| 20:10 Uhr

Kultur in der Himmelsbergkapelle
Genuss pur vor vollbesetzten Reihen

 Die drei „Resonanzen“, Hildegard Baum, Ulla Teuscher und Beate Günther, faszinierten bei ihrem witzigen, niveauvollen Debüt in der Zweibrücker Himmelsbergkapelle.
Die drei „Resonanzen“, Hildegard Baum, Ulla Teuscher und Beate Günther, faszinierten bei ihrem witzigen, niveauvollen Debüt in der Zweibrücker Himmelsbergkapelle. FOTO: Cordula von Waldow
Zweibrücken. Die „Resonanzen“ begeisterten bei ihrem Debüt in der Himmelsbergkapelle. Wegen Überfüllung konnten nicht alle Interessierten an dem musikalischen „Feuerwerk der Gefühle“ teilnehmen.
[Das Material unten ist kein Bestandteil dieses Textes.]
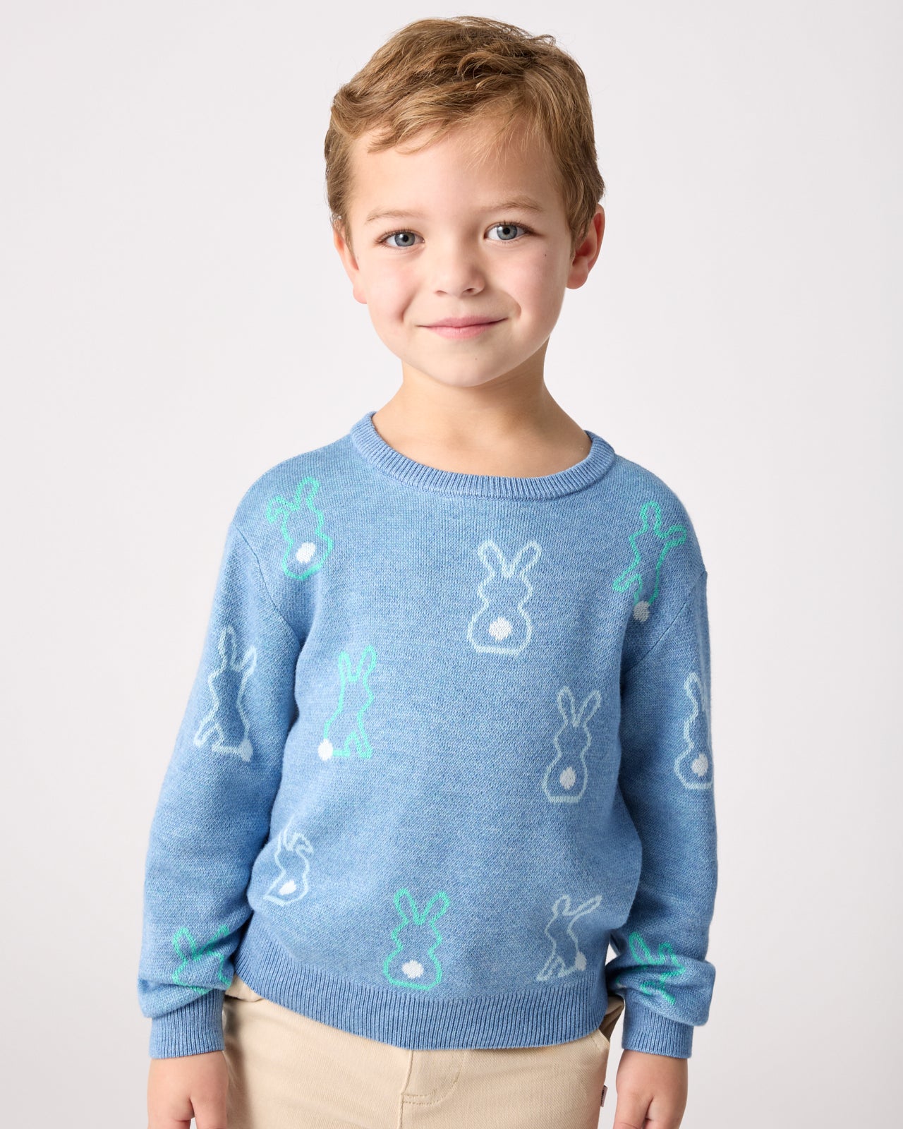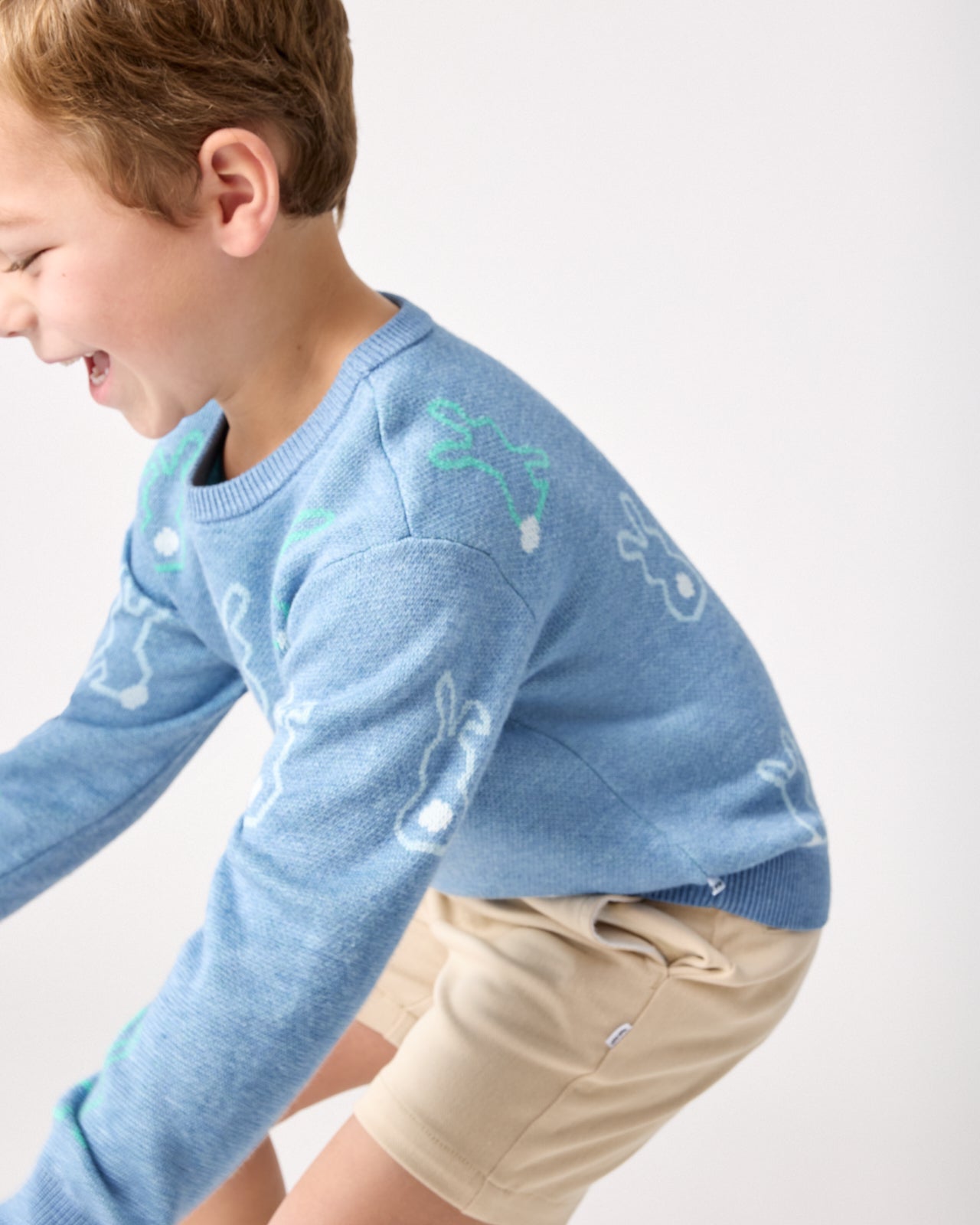 Bunny-soft for Easter. The Cozy Cottontails Sweater features subtle bunny outlines on cozy heather blue Soluxe? Bamboo knit. This kids sweater has a classic pullover style with a flat sewn-in tag for extra comfort. Pair it with their fave LS bottoms for springtime adventures!

Von Cordula von Waldow

Damit hatten weder die Gastgeber vom Verein Kultur in der Himmelsbergkapelle noch die „Resonanzen“ rund um die Zweibrücker Sopranistin Hildegard Baum gerechnet: Zu dem Debüt des neu gegründeten Trios bei dem Neujahrskonzert am Freitagabend war die Himmelsbergkapelle bis in den Vorraum hinein besetzt. Zahlreiche Musikfreunde standen dort, andere verließen enttäuscht, dass sie keinen der gut 120 Sitzplätze mehr ergattert hatten, den Ort. Sie haben einen grandiosen Konzertabend verpasst.

Gleich das erste Lied, welches das Trio, Hildegard Baum, Beate Günther und Ulla Teuscher, interpretierte, offenbarte, weshalb sich die drei Sopranistinnen den Namen „Die Resonanzen“ gegeben haben. Nomen est Omen, versetzten sie mit vielschichtig vibrierenden Klängen des dreistimmigen Volkslieds „Green Sleaves“ die Himmelsbergkapelle in Schwingung, feinfühlig am Klavier begleitet von Konzertpianistin Marina Kavtaradze. Welch ein Klangerlebnis!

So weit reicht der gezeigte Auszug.